I’m running a short Sagas of the Icelanders campaign at the mo, and I’ve noticed a problem with the female moves. Two out of four of them (Raise your Voice and Talk Sense and Entice a Man) have their only mechanical effect (besides risking an MC move) as a bonus/penalty to a roll. Which means that, mechanically speaking, they don’t affect NPCs at all.
This leaves women, who in theory are good at achieving results by talking and working through others, with exactly one tool to get an NPC to do what they want: Goad a Man to Action. (The fourth and final move is Lie with a Man to Conceive a Child, which is interesting but rather specialised, not to mention infrequent use.)
They are at their most powerful when influencing male PCs, therefore. So what do you do if your game has very few such characters? (Or maybe none?)

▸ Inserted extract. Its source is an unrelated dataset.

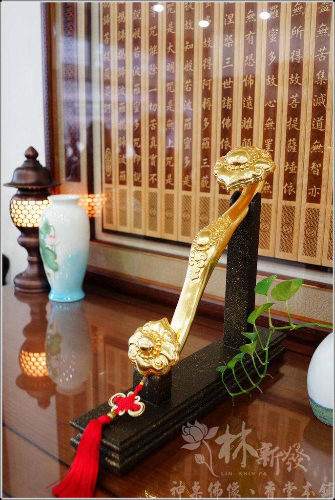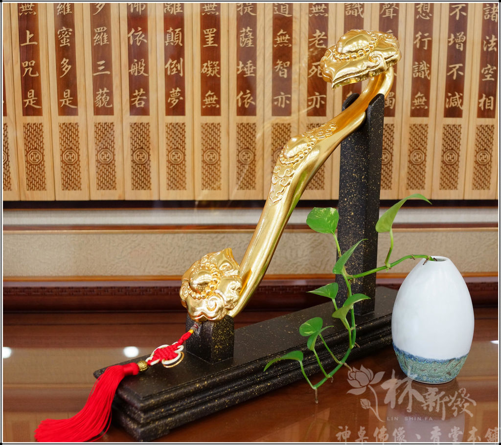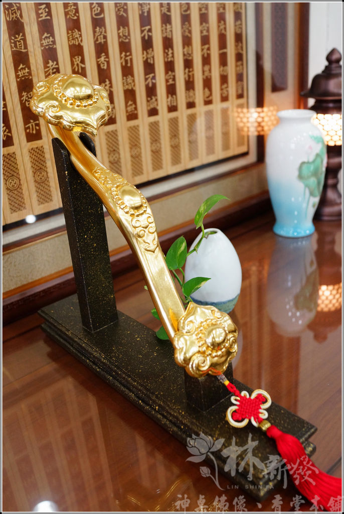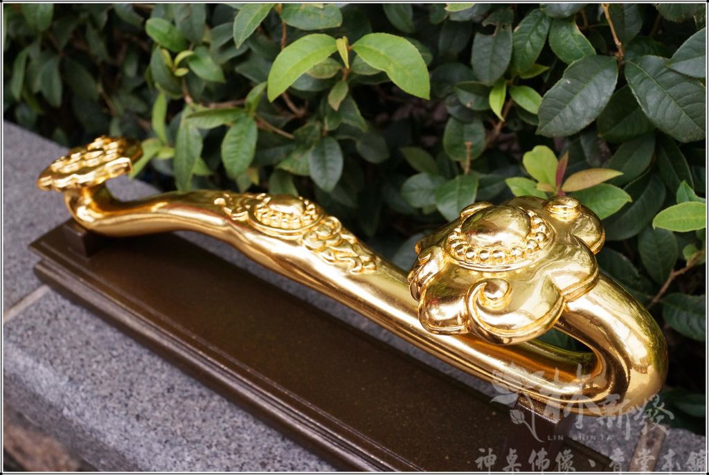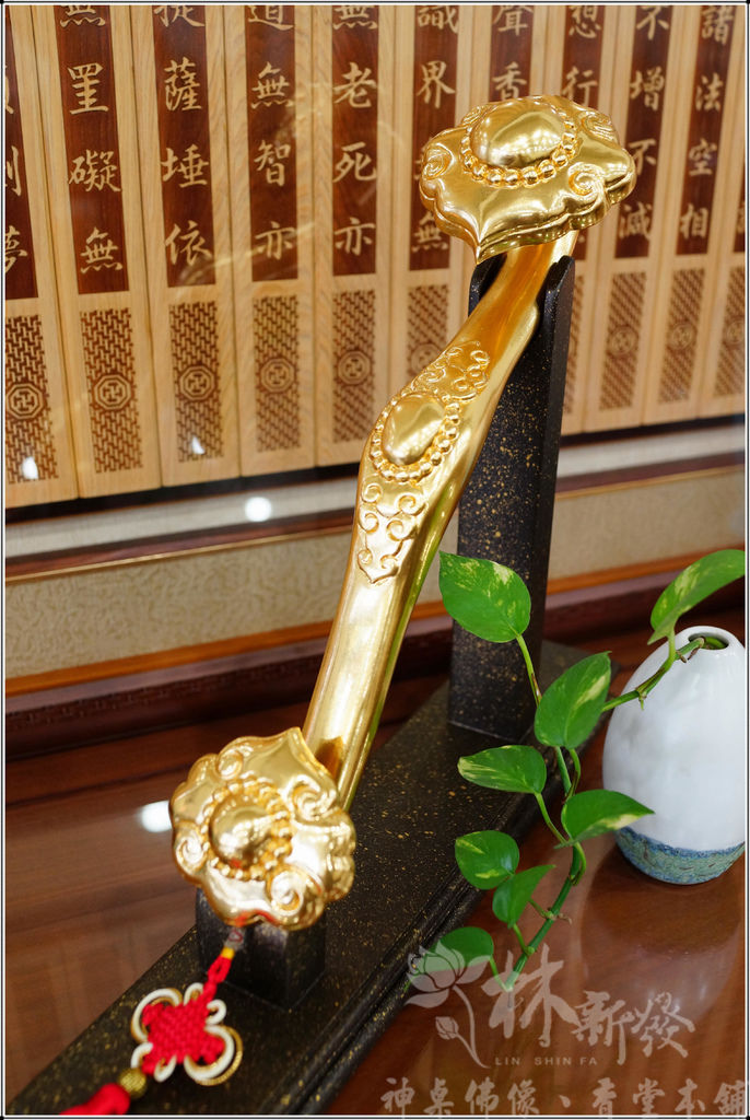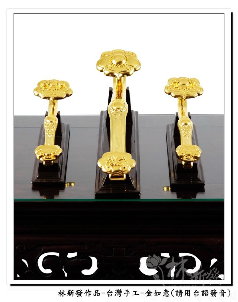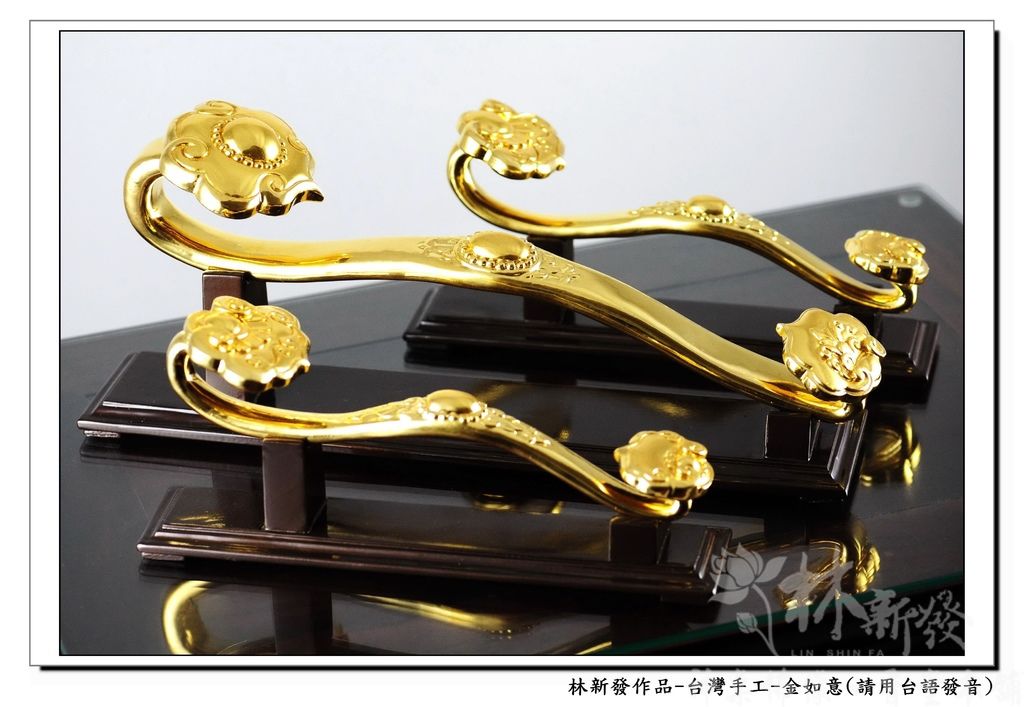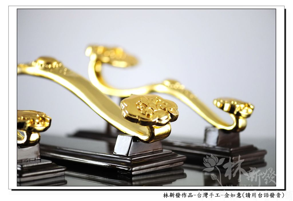 金如意是新發神藝的台灣全手工作品~雕刻完成整把貼上台灣純金箔,再加上防水保護漆~才符合金如意的感覺啦

In our case we have one Godar (not sure how to do the funky nordic characters here, sorry), and that’s the only man. He’s quite old and not that physically ept. So what I perceive as the normal model, of men going off and doing physical deeds or falling out with each other, and the women kind of herding cats to stop them from getting killed, doesn’t seem to work so well here.

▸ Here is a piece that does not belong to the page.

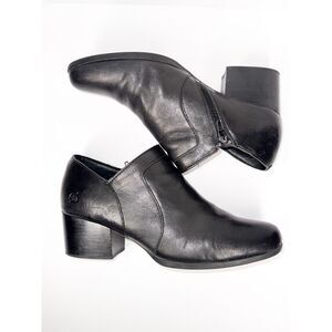 Born Black Leather Ankle Boot Shootie Bootie Block Heel Side Zip Classic Women Size 9
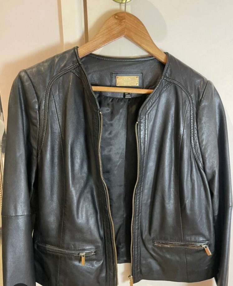 Fermuarlı, notched lapel yakalı, siyah fitted deri biker ceket. Uzun kollu ve normal boyda, ofis için uygun. sağ kolda bir yırtık altına deri koyularak yapistirildi tamir edildi ve sağ omuzda zede mevcut fotolarda görüldüğü gibi kullanım a engel değildir uygun listeledim

In this situation it feels a bit like the engine of the system has lost all its friction. The parts are still there, but they’re not engaging with each other, and I’m forced to fall back on MC moves, which is kind of exhausting, or fudging the two PC-oriented moves to work on NPCs as well, which feels like it’s probably not how things are meant to work.
Anyone come up against this? Any advice?